I took a look inside Clawdbot (aka Moltbot) architecture and how it handles agent executions, tool use, browser automation, etc. There are many lessons to learn for AI engineers.

Learning how Clawdbot works under the hood allows a better understanding of the system and its capabilities, and most importantly, what it’s GOOD at and BAD at.

This started as a personal curiosity about how Clawdbot handles its memory and how reliable it is. In this article I’ll go through the surface-level of how Clawdbot works.

What Clawdbot Actually Is

So everybody knows Clawdbot is a personal assistant you can run locally or through model APIs and access as easy as on your phone. But what is it really?

At its core, Clawdbot is a TypeScript CLI application.

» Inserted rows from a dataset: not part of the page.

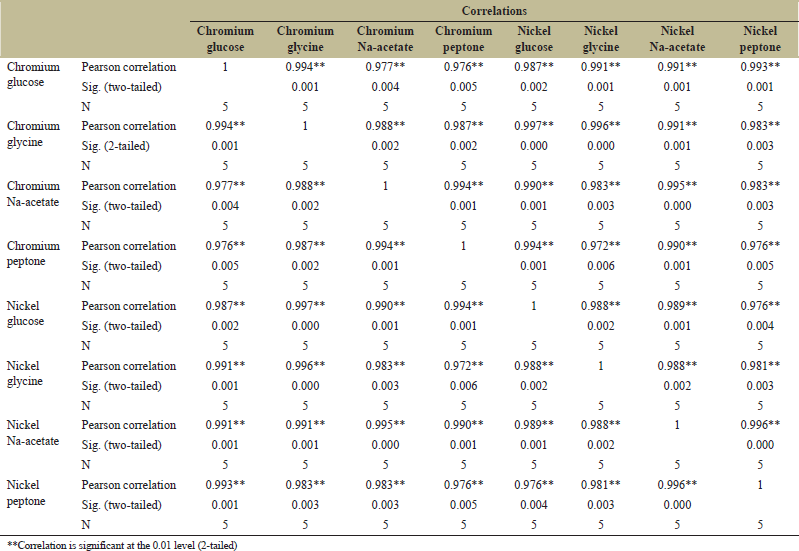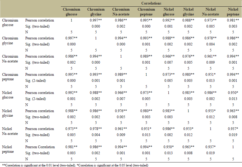 Triplicate measurements were done in all the cases during the observation and assessment of bacterial growth incorporated with different levels of heavy metals. Data were captured into Microsoft Excel Software, version 2010 which was used to calculate means, standard deviations and standard errors [16]. Pearson’s correlation was also performed for the heavy metal accumulation and reductions using IBM SPSS statistics 22 software.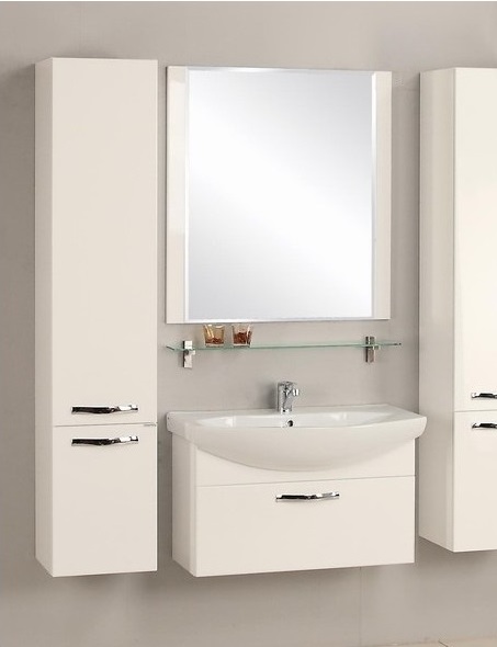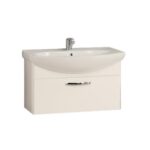 В тумбе расположен ящик с системой организации пространства, изготовленный из декоративной влагостойкой ДСП в отделке «молочный дуб». Ящик установлен на направляющие полного выдвижения немецкого производителя Blum, благодаря чему им удобно пользоваться даже с керамической раковиной, выступающей вперед.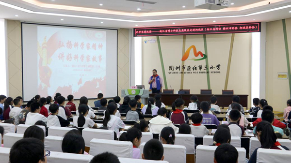“各位同學,你們到學校來做什么?將來長大后想做什么樣的人?”4月24日下午,衢州市巨化第三小學的多功能廳內,一場精彩的“科學家精神”宣講活動正在進行。來自浙江工業大學的科學家精神宣講人、副教授王涌引用竺可楨先生的話,向孩子們拋出問題后,引發大家的熱議。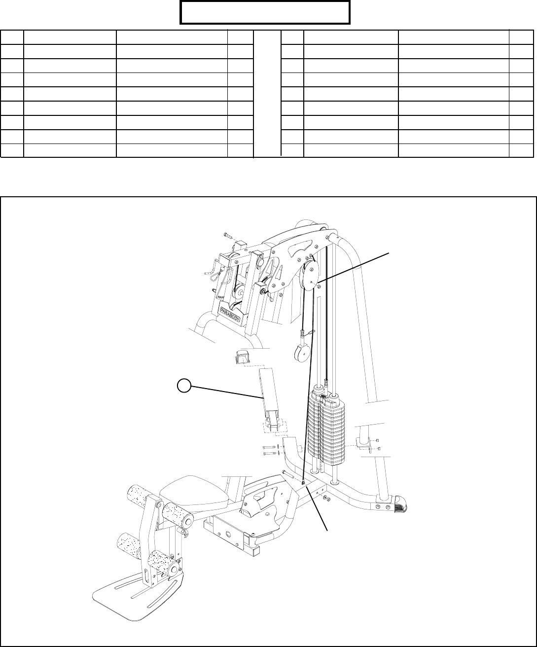 • Carefully route the LEG PRESS CABLE (4) around one 3-1/2” PULLEY (5) and SECURELY assemble the 3-1/2” PULLEY (5) to the MAIN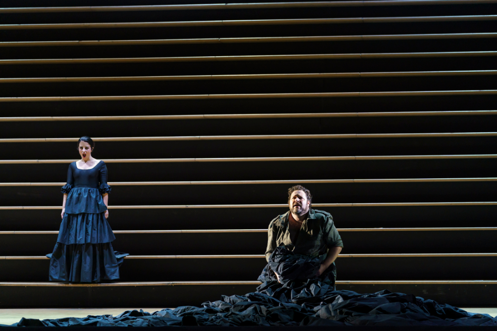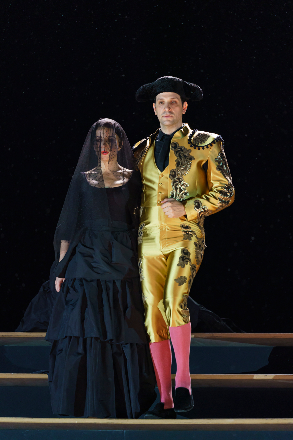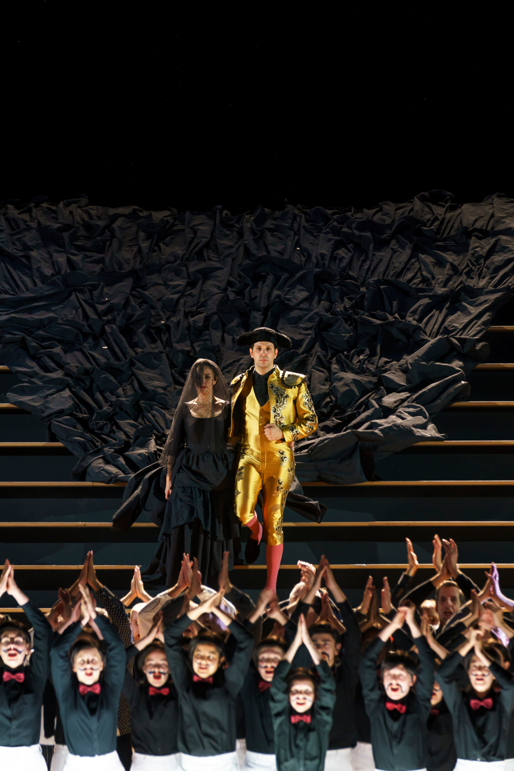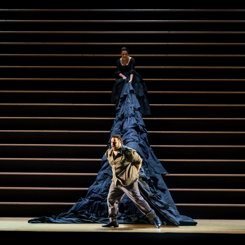 The space is then immediately occupied by a large group of women who come to embody one single model of a sexually enticing woman, the ideal of which is Carmen, for whom all the men lust. The crude representation of the starved desire of the men becomes a spectacular display along the stairs in Katrin Lea Tag’s design, which here signify the arena from which to view another performance – that of the lives of audience members gathered for the familiar space of a recognised and loved piece.

It’s not Python, Next.js, or a web app.

It’s a process that:

• Runs on your machine and exposes a gateway server to handle all channel connections (telegram, whatsapp, slack, etc.)
• Makes calls to LLM APIs (Anthropic, OpenAI, local, etc.)
• Executes tools locally
• And does whatever you want on your computer

The Architecture

To explain the architecture more simply, here’s what happens when you message Clawdbot on a messenger:

1. Channel Adapter

A Channel Adapter takes your message and processes it (normalize, extract attachments). Different messengers and input streams have their dedicated adapters.

2. Gateway Server

The Gateway Server is the task/session coordinator. It takes your message and passes it to the right session. This is the heart of Clawdbot. It handles multiple overlapping requests.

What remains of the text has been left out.